▶ [WHAT THE TASK REQUIRES]: Although the data below holds other lines too, output only those from the line with "Maksud Kaedah Pemerhatian Dalam English" up to and including the line with "Фонарь налобный Фотон", exactly as they appear.

▶ [DATA FOR ANALYSIS]:
+ + +

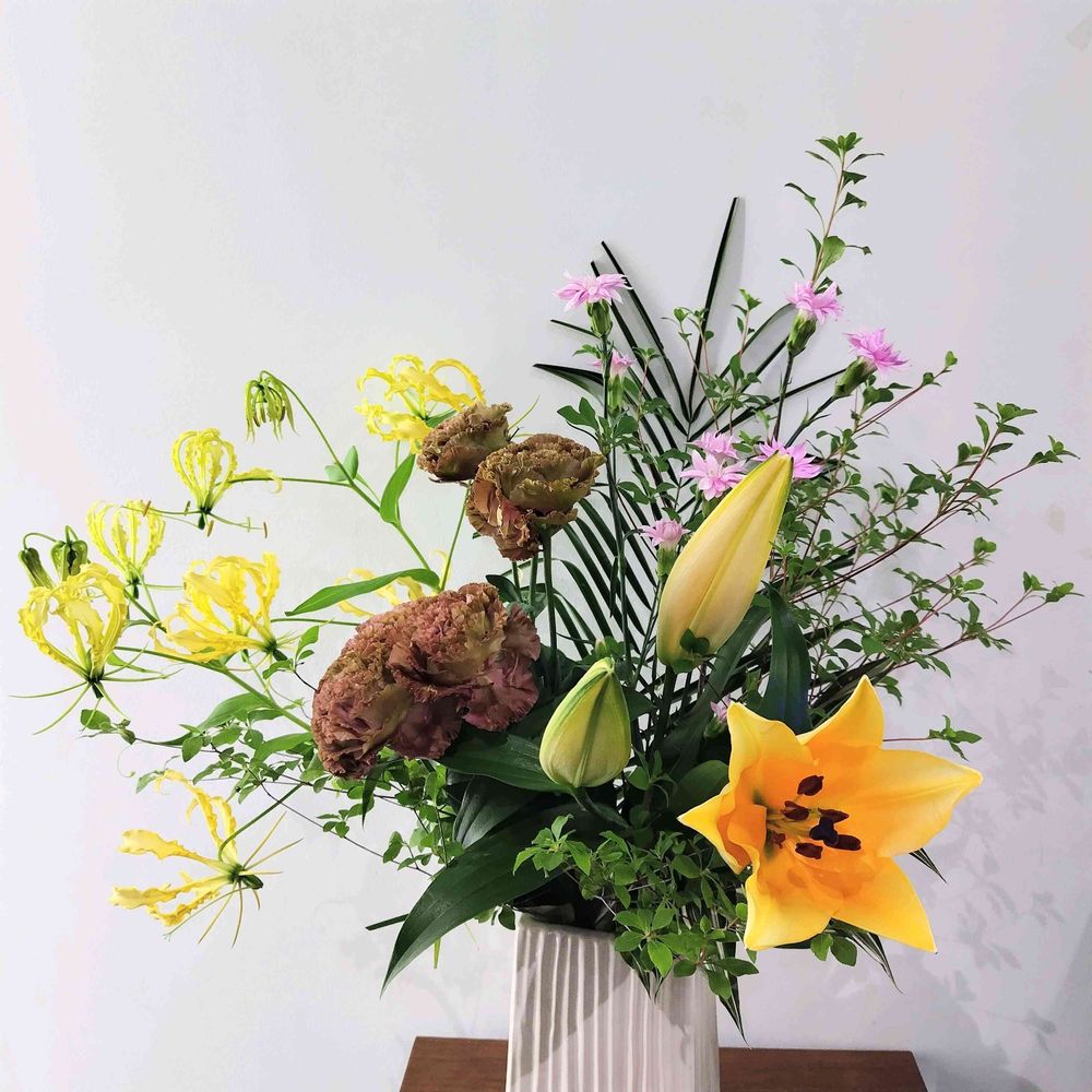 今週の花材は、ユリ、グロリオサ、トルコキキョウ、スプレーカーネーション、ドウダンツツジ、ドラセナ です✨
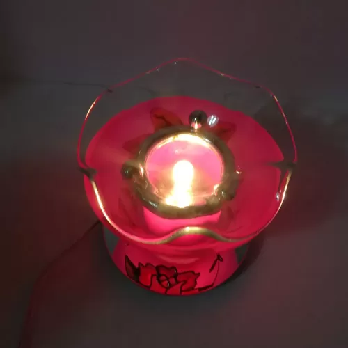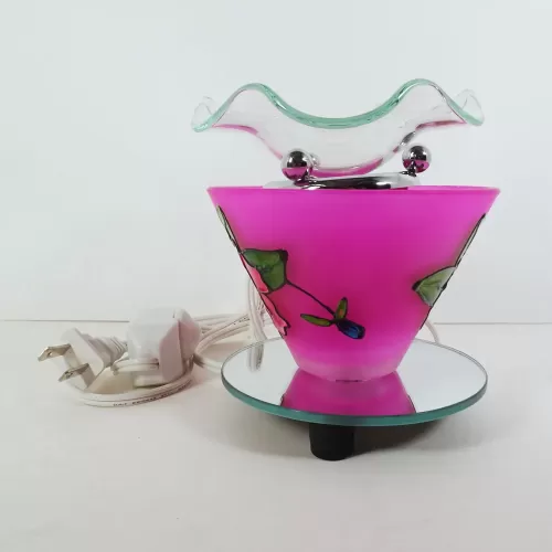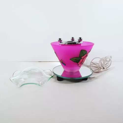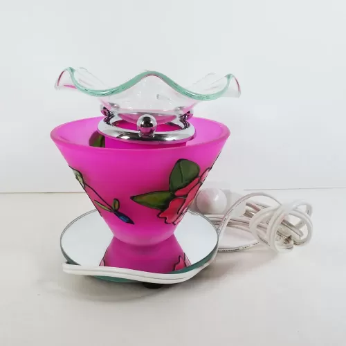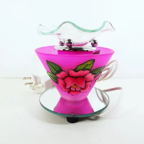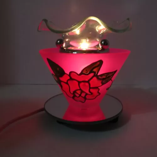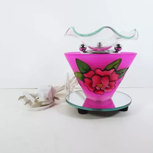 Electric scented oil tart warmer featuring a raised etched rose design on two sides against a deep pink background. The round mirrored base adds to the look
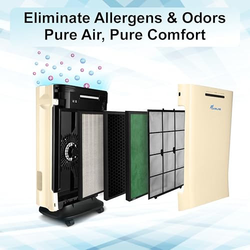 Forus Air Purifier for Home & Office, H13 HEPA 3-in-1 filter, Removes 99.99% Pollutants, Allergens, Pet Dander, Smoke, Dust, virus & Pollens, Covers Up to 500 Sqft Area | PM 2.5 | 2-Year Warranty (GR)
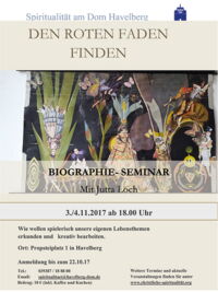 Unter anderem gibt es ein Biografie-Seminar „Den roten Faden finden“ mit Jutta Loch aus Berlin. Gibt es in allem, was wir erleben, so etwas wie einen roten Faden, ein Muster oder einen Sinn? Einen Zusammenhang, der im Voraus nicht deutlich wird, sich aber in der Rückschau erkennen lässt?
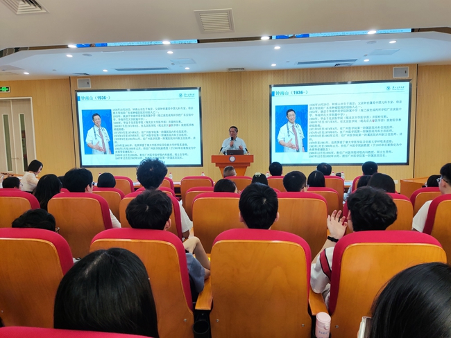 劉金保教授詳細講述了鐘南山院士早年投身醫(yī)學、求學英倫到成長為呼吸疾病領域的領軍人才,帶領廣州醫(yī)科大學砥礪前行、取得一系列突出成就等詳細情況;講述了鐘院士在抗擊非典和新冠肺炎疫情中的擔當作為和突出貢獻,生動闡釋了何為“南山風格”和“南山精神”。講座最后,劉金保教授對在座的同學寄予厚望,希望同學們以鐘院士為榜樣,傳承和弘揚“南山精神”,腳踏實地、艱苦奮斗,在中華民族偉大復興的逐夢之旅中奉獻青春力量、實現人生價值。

+ + +

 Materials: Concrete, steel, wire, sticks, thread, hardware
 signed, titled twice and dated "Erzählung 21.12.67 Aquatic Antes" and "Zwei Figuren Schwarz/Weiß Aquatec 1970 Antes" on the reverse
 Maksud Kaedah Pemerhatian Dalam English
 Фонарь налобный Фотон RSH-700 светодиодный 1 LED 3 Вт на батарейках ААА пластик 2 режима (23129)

+ + +

▶ [RESPONSE AREA]:
 Maksud Kaedah Pemerhatian Dalam English
 Фонарь налобный Фотон RSH-700 светодиодный 1 LED 3 Вт на батарейках ААА пластик 2 режима (23129)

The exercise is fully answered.